Virtual SYNthon Hierarchical Enumeration Screening (V-SYNTHES) addresses the computational challenge of screening enormous chemical spaces by first docking a Minimal Enumeration Library (MEL) of chemical fragments against a target pocket. Only the top-scoring fragments are then expanded into full ligands for large-scale docking, making gigascale screening tractable. However, under a fixed docking budget many fragments produce comparably good docking scores; only a small subset can be expanded, leaving many similarly promising fragments unexplored. This budget constraint limits the breadth of chemical space that can be effectively sampled within practical computational resources.
PharmacoNet is a deep-learning–based pharmacophore prescreening tool that predicts interaction hotspots from a protein structure and ranks candidate molecules via graph matching against a fixed set of interaction-type weights. Because PharmacoNet uses a general-purpose, target-agnostic set of weights, it does not explicitly account for the unique pocket-specific interaction preferences that emerge for different protein targets. Applying such a generic prescreener to redistribute docking budget across larger pools of fragments may therefore miss target-specific signals present in fragment-docking results.
The authors introduce MEL-Steered PharmacoNet, a parameter-efficient framework to specialize PharmacoNet to a particular target by recovering the signal already present in the initial fragment-docking step of V-SYNTHES. The adaptation uses two composable mechanisms:
Empirical density-map steering of predicted pharmacophore hotspots: fragment-docking of the MEL reveals spatial distributions of favorable interactions in the pocket. These empirical density maps are used to steer PharmacoNet's predicted pharmacophore hotspot locations to better reflect the pocket's observed preferences.
Empirical fine-tuning of interaction-type scoring weights: among fragments that dock well, the types of interactions they form (for example, hydrogen bonds, hydrophobic contacts, ionic interactions) indicate which interaction classes the pocket favors. MEL-Steered PharmacoNet adjusts PharmacoNet's interaction-type scoring weights empirically for the target, rather than relying on the original fixed, general-purpose weights.
Both mechanisms are designed to be parameter-efficient: they adapt PharmacoNet using signals derived from fragment-docking results without requiring full model retraining or additional experimental data.

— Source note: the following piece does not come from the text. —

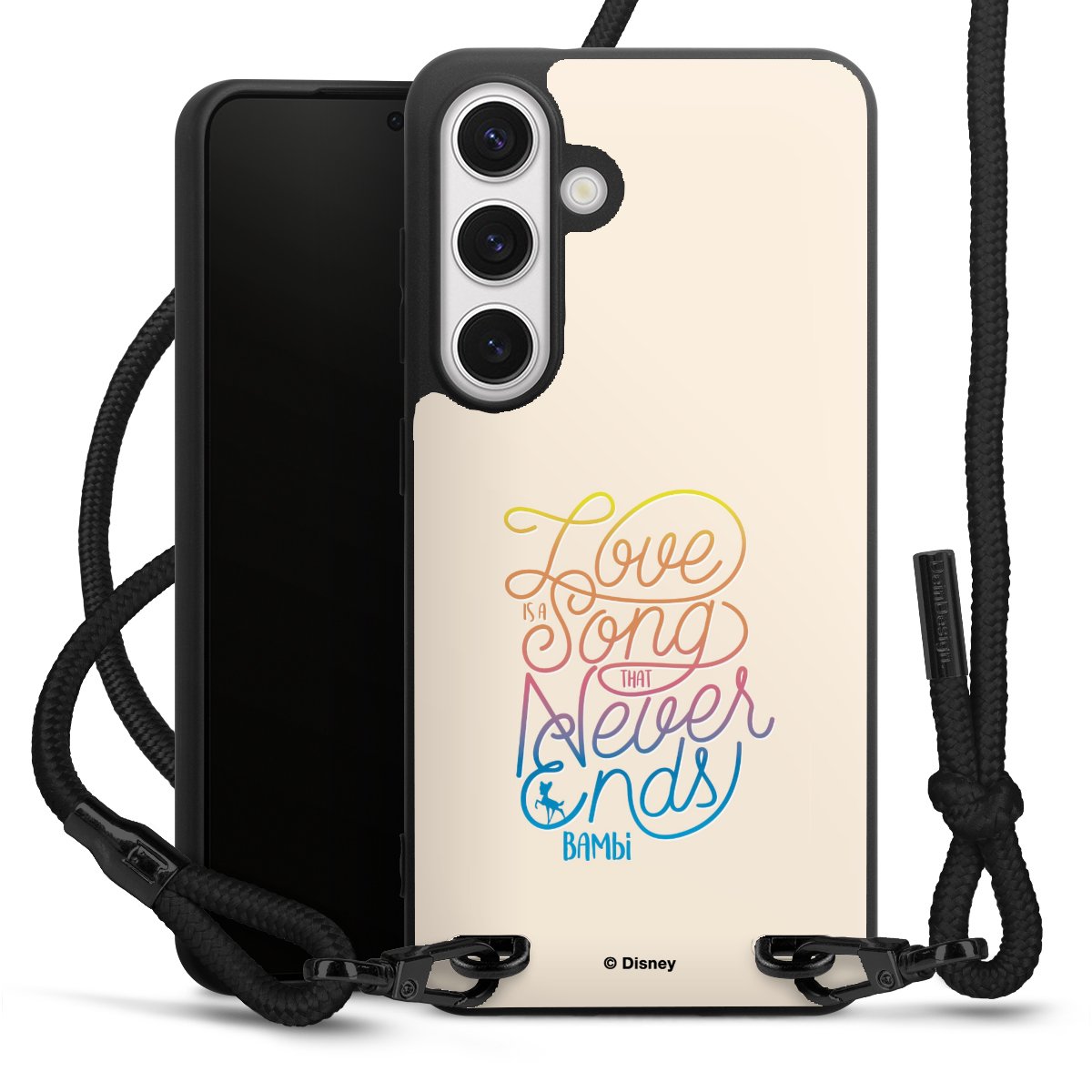 The matt black silicone case is made of flexible TPU (thermoplastic polyurethane) and offers robust protection. The durable, unbreakable material makes the cover flexible and dimensionally stable at the same time. The matte surface makes your design stand out more and is less susceptible to fingerprints and dirt. The stylish trend accessory fits comfortably in the hand and is perfectly complemented by the fabric (polyester) mobile phone strap. The braided fabric strap is approx. 1.70 metres long with a diameter of approx. 0.5 cm. Due to the special knotting technique, the length of the strap can be adjusted by simply pulling it, so that you can adapt it individually to your wishes. The practical case to wear around your neck is available with the fabric strap in black. As a little icing on the cake, we have provided the strap with a chic metal fastener in matt black. The strap is securely fastened to the case with loops made of high-quality genuine leather and press studs. The ends of the fabric strap are covered with metallic end caps and thus protected from fraying.
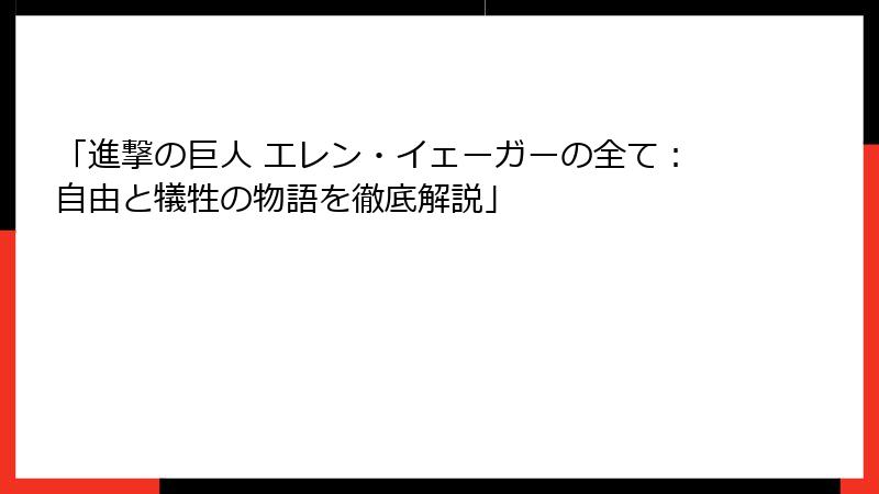 エレンに興味がある方、または『進撃の巨人』の世界をより深く理解したい方にとって、この記事は包括的なガイドとなるでしょう。

MEL-Steered PharmacoNet was evaluated on three structurally distinct G protein–coupled receptor (GPCR) targets: CB2, GPR91, and 5-HT2AR. Performance was assessed using enrichment factor at 100 (EF100) relative to both a random baseline and the original, target-agnostic PharmacoNet prescreener. Across these targets, MEL-Steered PharmacoNet produced substantial EF100 gains compared with a random baseline and improved EF100 over PharmacoNet by reported factors of 8.94x for CB2, 6.87x for GPR91, and 1.69x for 5-HT2AR. These results indicate that incorporating MEL fragment-docking signals into the prescreening stage can materially increase the enrichment of true positives among top-ranked candidates.
The empirical fitting of per-target interaction weights yielded interaction profiles that are chemically interpretable and distinct across the tested GPCRs. These target-specific weight fits capture pocket-level preferences that PharmacoNet's generic fixed weights fail to represent. Because the adaptation mechanisms are built from fragment-docking observations, the resulting interaction-weight profiles can be examined to understand which interaction types and spatial hotspots a particular pocket prefers, potentially informing downstream medicinal-chemistry reasoning.
MEL-Steered PharmacoNet demonstrates that the fragment-docking data generated by the standard V-SYNTHES pipeline can be reused to adapt a general-purpose pharmacophore prescreener to individual targets. The approach retains PharmacoNet's ultra-fast screening capability while substantially improving target-specific performance, and it requires no additional experimental data or full neural-network retraining. By reallocating the same docking budget more effectively across a larger pool of fragment-derived full ligands, MEL-Steered PharmacoNet can expand the practical coverage of chemical space in hierarchical synthon-based virtual screening.
Limitations and reporting notes
The source document is a preprint and has not been certified by peer review. Details beyond those reported in the abstract—such as precise dataset sizes, training or adaptation hyperparameters, and full numerical results beyond the reported EF100 fold-improvements—were not provided in the supplied source text.